# Next Session: Sonar Integration + Visual Return-to-Start

## What Was Done (Session 45)

Research and planning session. Explored the full robot car codebase (safety.py, main.py, robot_tools.py, lidar.py, all tests). Designed a 6-phase plan for integrating the sonar sensor into collision avoidance and adding visual teach-and-repeat navigation.

**Key finding:** The sonar sensor (I2C at `0x77`) is already physically connected and initialized in `main.py:198-202`, exposed on `/health`, `/drive`, `/distance` endpoints — but **completely ignored by the safety daemon and navigation loop**. It returns `99999` because I2C is not enabled on the Pi 5.

**Plan file:** `~/.claude/plans/splendid-finding-zebra.md`

## What to Implement

### Phase 0: Enable I2C on Pi (PREREQUISITE — do this first)

SSH to Pi (`192.168.68.61`):
```bash
sudo raspi-config nonint do_i2c 0
sudo reboot
```
After reboot, verify:
```bash
i2cdetect -y 1          # should show 0x77
curl http://192.168.68.61:8080/health  # distance_mm should be real (not 99999)
```
If still 99999: `i2cget -y 1 0x77` to debug I2C bus.

### Phase 1: SonarPoller Thread (`services/turbopi-server/safety.py`)

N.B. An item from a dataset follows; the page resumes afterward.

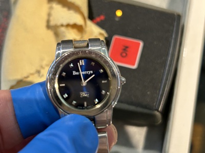 2針の腕時計…よく見てみないと動いているのか止まっているのか??”Burberry”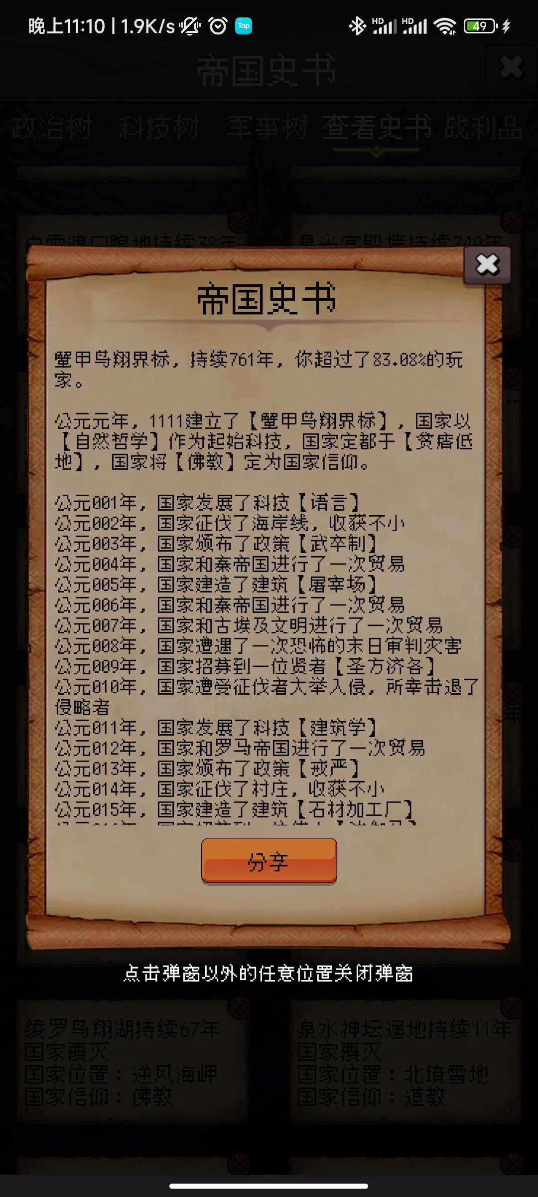 鹤立博物湾,持续224年,你超过了49.31%的玩家。公元元年,User45662417建立了【鹤立博物湾】,国家以【制陶术】作为起始科技,国家定都于【死火山脉】,国家将【道教】定为国家信仰。公元001年,国家发展了科技【语言】公元002年,国家在丛林雇佣兵营招募了【剑士】公元003年,国家颁布了政策【明法申令】公元004年,国家和西班牙帝国进行了一次贸易公元005年,国家建造了建筑【

Add `SonarPoller` class following the `LidarDaemon` pattern (`lidar.py:223-298`):
- Daemon thread polling `sonar.getDistance()` at ~10 Hz
- Thread-safe cache under `threading.Lock`
- Validity filter: only `20 < distance_mm < 5000` (reject 0, 99999, noise)
- Staleness: `get_distance_mm()` returns `None` if reading >500ms old
- `stop()` for clean shutdown

Constants:
```python
SONAR_MIN_MM = 20       # below = sensor noise / min range
SONAR_MAX_MM = 5000     # above = out-of-range / garbage
SONAR_STALE_MS = 500    # ignore stale readings
```

**Why separate thread:** I2C reads are 20-50ms blocking. Adding them to the safety daemon's YOLO loop would halve FPS from 30 to 15. Cached reads = zero latency in the safety loop.

### Phase 2: Wire Sonar into Safety Daemon (`services/turbopi-server/safety.py`)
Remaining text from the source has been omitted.